= Dyck Advisory Group =

Private military company

Dyck Advisory Group (DAG) is a private military company based in Velddrif, South Africa, founded in 2012 by Lionel Dyck, an ex-military colonel who had served in the Rhodesian Security Forces and then the Zimbabwe Defence Forces. He fought as part of the Zimbabwean intervention force that assisted the Mozambican government against RENAMO during the Mozambican Civil War. At the time, he forged good relations in the Mozambican governing party FRELIMO and with later Zimbabwean President Emmerson Mnangagwa. Following the Mozambican Civil War, he remained in the country.

DAG provides demining and anti-poaching services to customers around the world. From 2019, DAG became active in Cabo Delgado, Mozambique, where they helped to fight a local Islamist insurgency. The company was hired by police chief Bernardino Rafael to help train local policemen and fight the rebels. Its troops operate and charter out several Bat Hawk light aircraft, and have deployed three Aérospatiale Gazelles, two Eurocopter AS350 Écureuils and one Aérospatiale Alouette III in Cabo Delgado.

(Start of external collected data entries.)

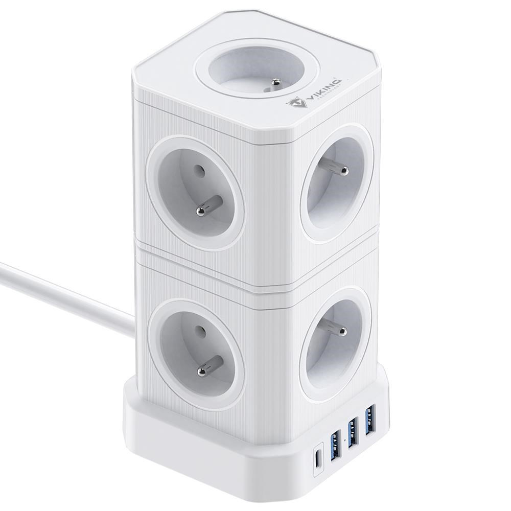Predstavujeme Viking ACT94 - revolučnú elektrickú zásuvku, ktorá rozširuje štandardnú zásuvku o ďalších 9 x AC 230V, 3 x USB-A a 1x USB-C výstupy.
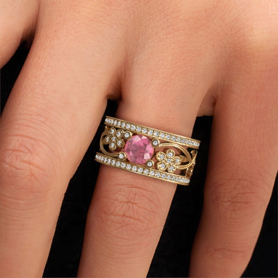 Do you have a vintage fetish? Then this gold Severine ring suits you perfectly. It's a contemporary design, based on vintage designs. A slightly romantic, extraordinary design! Even more when you customize to your liking. This graceful ring is set with exquisite tourmaline pink. As you can see, you can simply choose a gemstone that matches your style. Each gemstone is carefully selected by our merchants whom are spread throughout the world. Nothing but the best gems for our expert goldsmith! After all, it is his crowning glory!Our goldsmiths passionately create your customized ring to your liking with the utmost care. The gold ring, as shown here, can be customized using our online tool. Feel free to ask our jewel designers for assistance if you want changes made which are unavailable in our online tool. We are happy to answer your questions.After receiving your order, our goldsmiths will passionately start the creative process of making your ring in our own studio. Because we don't have a big stockpile, these costs will not be passed on to you. Our pricing is proof of that! We offer top quality jewels at lowest price, guaranteed.To make it easier for you, we offer a 30 day return policy. Check our terms and conditions.
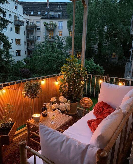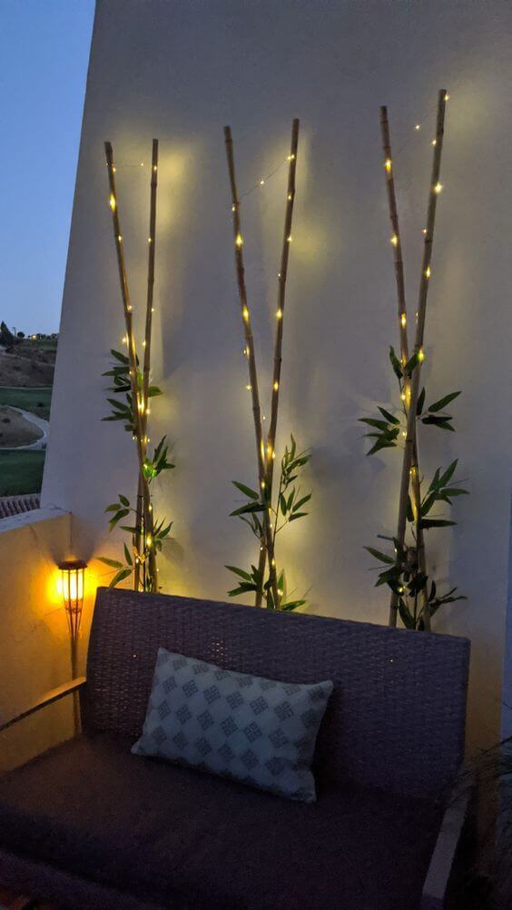 #5 DIY Bamboo Idea with String Lights for Balcony

In 2021, Amnesty International (AI) reported that during operations in Mozambique, DAG's operatives fired machine guns from helicopters and dropped hand grenades indiscriminately into crowds of people, as well as repeatedly firing at civilian infrastructure, including hospitals, schools and homes.

In the Battle of Palma of March and April 2021, the company assisted the Mozambican military and police forces in combating the attacking insurgents. According to Dyck, his operatives engaged several of the terrorists as well as rescued wounded policemen and trapped civilians. The rescue, conducted in part by the DAF, rescued white contractors before local black civilians, said AI.